Brute-force variant on a column reference (no pre-built index needed):
(select {from: docs
nearest: (knn emb [1.0 0.0 0.0])
take: 3})
Projection & _dist
The rerank step emits a synthetic _dist column, but it is not included in the default output — (select {from: t nearest: …}) returns the source schema exactly, preserving shape compatibility with (select {from: t}). To include the distance, reference _dist in an explicit projection:
(select {id: id title: title d: _dist
from: docs
where: (> score 0.5)
nearest: (ann idx [1.0 0.0 0.0])
take: 5})
Metric Symbols
Accepted by hnsw-build, knn, and the nearest clause:
'cosine—1 − cos(a, b), lower = closer (default)'l2— euclidean distance, lower = closer'ip— negated inner product, lower = closer
Reference
| Name | Arity | Signature |
|---|---|---|
cos-dist | 2 | (cos-dist a b) — cosine distance; vec×vec → atom, LIST×vec → vector |
l2-dist | 2 | (l2-dist a b) — euclidean distance |
inner-prod | 2 | (inner-prod a b) — positive dot product |
norm | 1 | (norm x) — L2 norm; scalar if vec, per-row vector if LIST |
knn | 3–4 | (knn col query k [metric]) — brute-force top-K |
hnsw-build | 1–4 | (hnsw-build col [metric] [M] [ef_c]) — build index |
ann | 3–4 | (ann handle query k [ef_s]) — approximate top-K via HNSW |
hnsw-save | 2 | (hnsw-save handle path) — persist index to directory |
hnsw-load | 1 | (hnsw-load path) — restore index from directory |
hnsw-free | 1 | (hnsw-free handle) — explicit release (rc-managed, optional) |
hnsw-info | 1 | (hnsw-info handle) — dict of {nrows dim metric nlayers M efc} |
Design Notes
- Distance convention. All metrics encode as "lower = closer" for consistent sort ordering. Direct math builtins (
cos-sim-style semantics) aren't provided separately — compute(- 1.0 (cos-dist a b))if needed. - Handle lifecycle. HNSW handles are rc-managed through Rayforce's ownership semantics: a deep clone is produced on
ray_cow, ownership transfers via detach on realloc, and the underlying index is freed when the last reference drops.(hnsw-free h)is idempotent and not required for correctness. - Iterative scan bounds.
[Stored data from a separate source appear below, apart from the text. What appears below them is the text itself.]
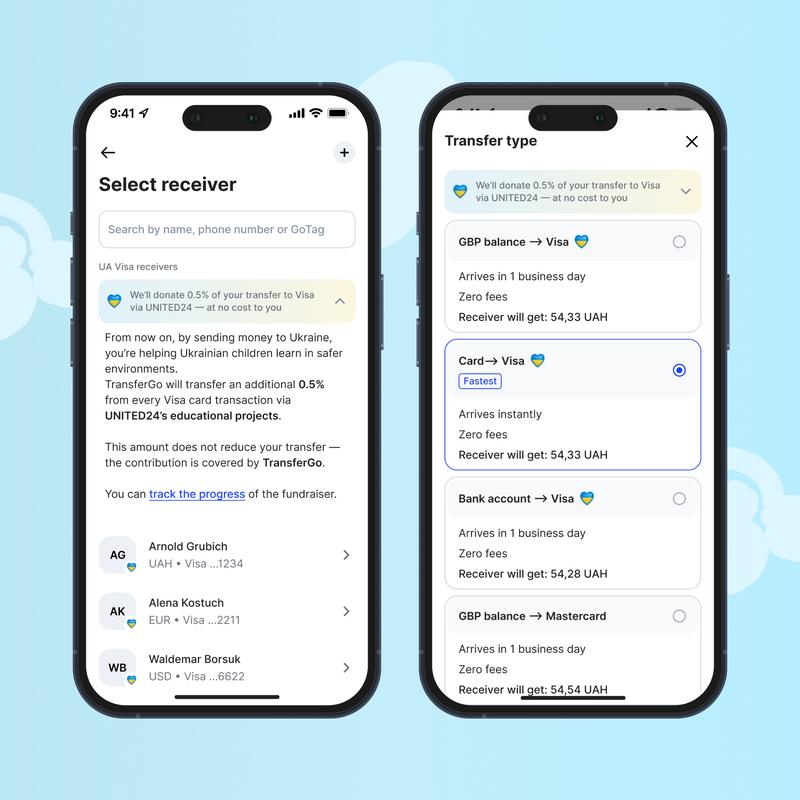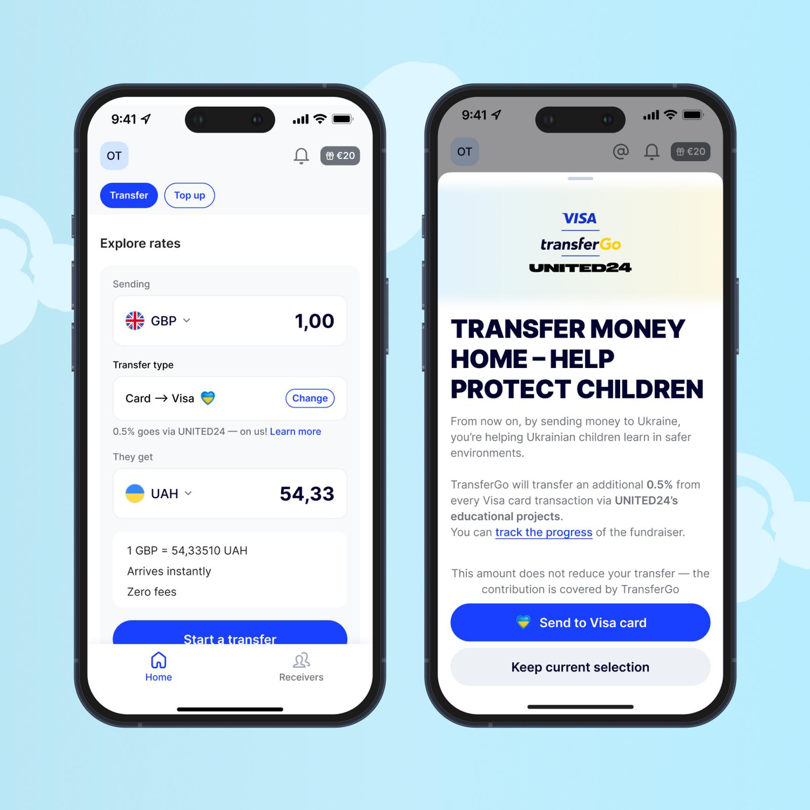 And this won’t require extra money from customers — TransferGo will transfer an additional 0.5% from every transaction to Visa cards in Ukraine, supporting UNITED24’s educational projects.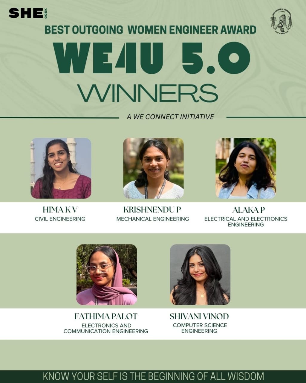 The We4U Best Outgoing Woman Engineer Award constituted by WE-Connect, the group of alumna of Gcek,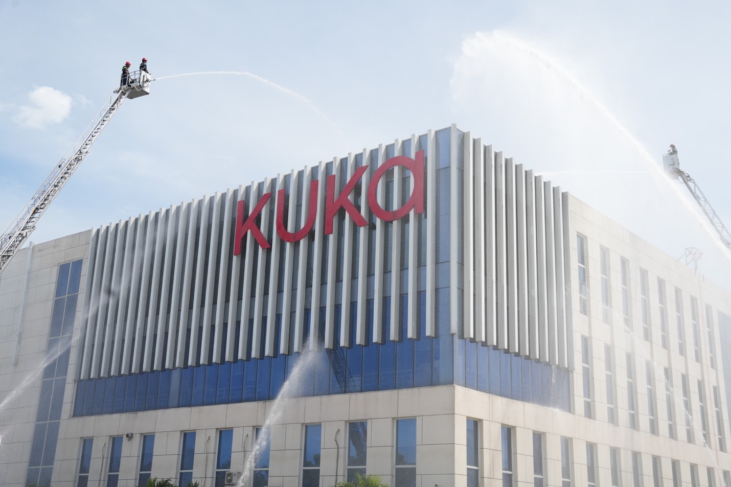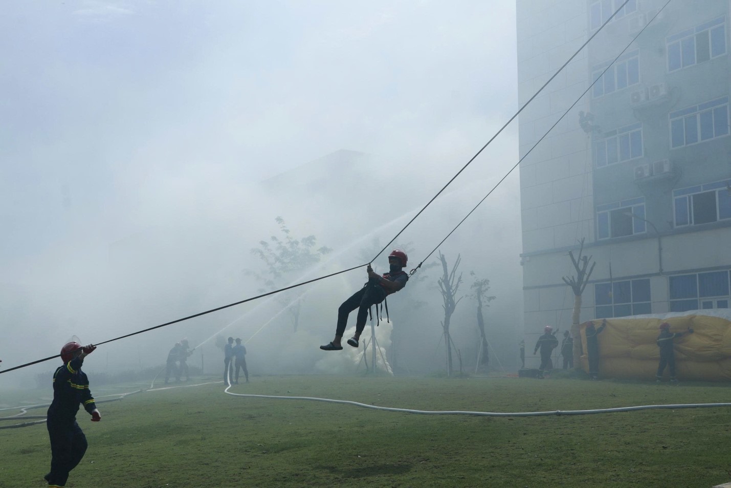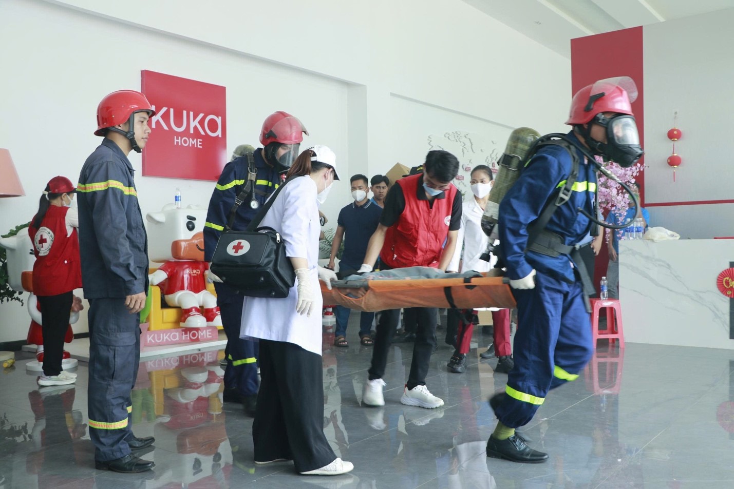 Tình huống giả định khói bốc lên từ toà nhà chính của Công ty - nơi có hàng trăm người lao động đang làm việc

Filter-aware ANN pushes the predicate into the beam but remains locality-bounded by HNSW's graph reachability from the query's entry point. For pathologically selective filters on clustered data, results may be fewer than K; multi-entry restart is future work.
- Allocation-failure contract. All HNSW search entry points return a distinct sentinel (
-1) on allocation failure — every caller surfaces this asray_error("oom", …)rather than a silently-empty result.